Question

Prove that the line segment joining the mid points of the sides of a triangle form four triangles, each of which is similar to the original triangle.

Answer 1

Given that:-

$△ABC$ in whichD, E, F are the mid points of sides AB, BC and CA respectively.

To prove:- each of the triangles are similar to the original triangle, i.e.,

$△ADF\sim △ABC$

$△BDE\sim △ABC$

$△CEF\sim △ABC$

Proof:-

Consider the $△ADF$ and $△ABC$

Since D and F are the mid points of AB and AC respectively.
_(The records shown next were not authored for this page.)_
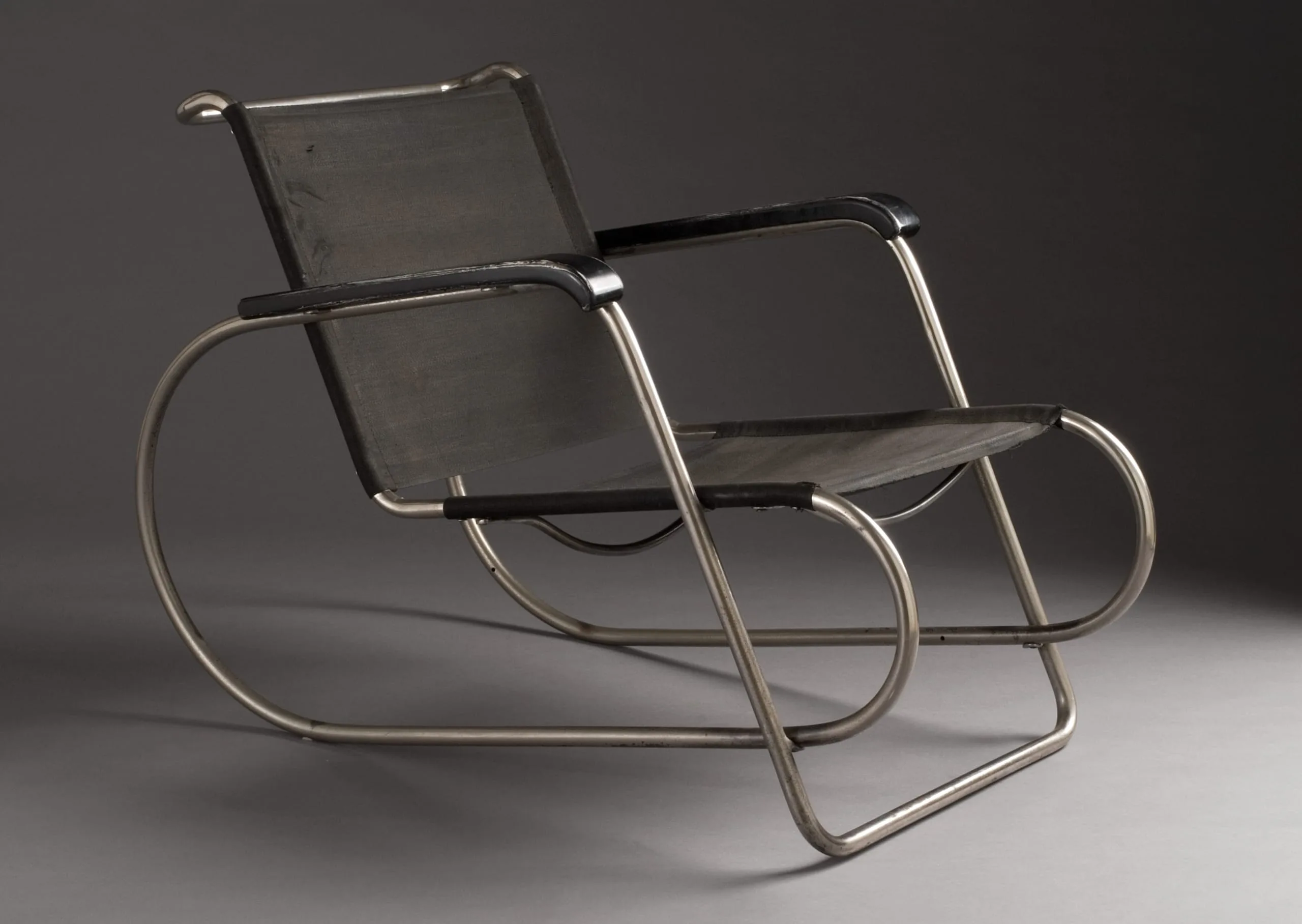 - Nickel-plated tubular steel, original "Eisengarn" (iron cloth), upholstery and wood
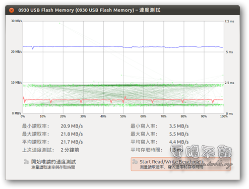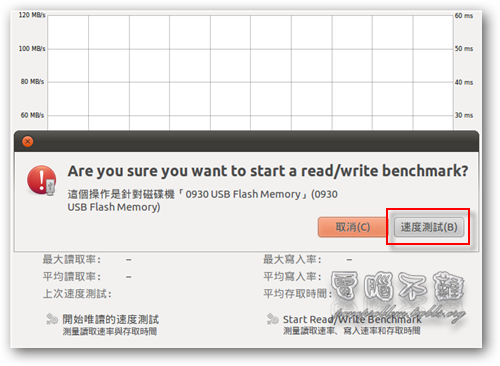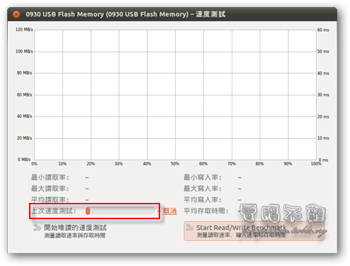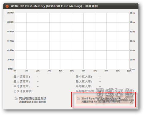 開始測試隨身碟的讀寫速度(Start Read/Write Benchmark)。
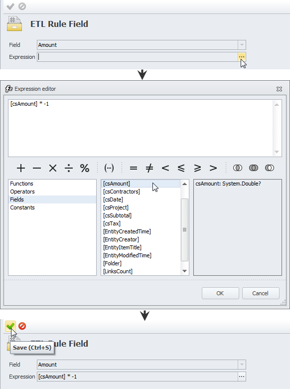 Tip In this example the amount of “Accounts Receivable” should remain positive, so the expression consists of the field “csAmount” only.
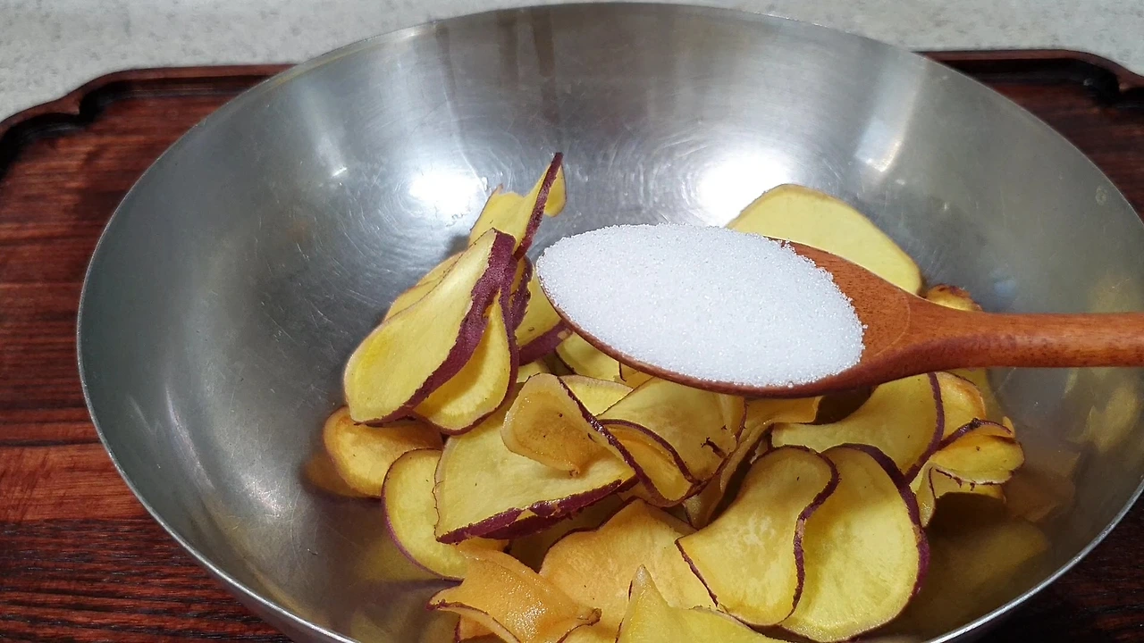 9. 식은 고구마칩에 계피 약간 설탕 1스푼을 넣고 버무려주세요

$\therefore DF\parallel BC$

$\Rightarrow \angle AFD=\angle B\left(\text{Corresponding angles are equal}\right)$

Now, in $△ADF$ and $△ABC$, we have

$\angle ADF=\angle B\left(\text{Corresponding angles}\right)$

$\angle A=\angle A\left(\text{Common}\right)$

By AA similar conditions,

$△ADF\sim △ABC$

Similarly, we have

$△BDE\sim △ABC$

$△CEF\sim △ABC$

$\therefore EF\parallel AB$

$\Rightarrow EF\parallel AD..........\left(1\right)$

And, $DE\parallel AC$

$\Rightarrow DE\parallel AF..........\left(2\right)$

From ${eq}^n\left(1\right)\&\left(2\right)$, we have

ADEF is a parallelogram.

Similarly, BDFE is a parallelogram.

Now, in $△ABC$ and $△DEF$

$\angle A=\angle FED(\because \text{Opposite angles of parallelogram})$

$\angle B=\angle DFE(\because \text{Opposite angles of parallelogram})$

Therefore, by AA similar condition

$△ABC\sim △DEF$

Hence proved that each of the triangles are similar to the original triangle.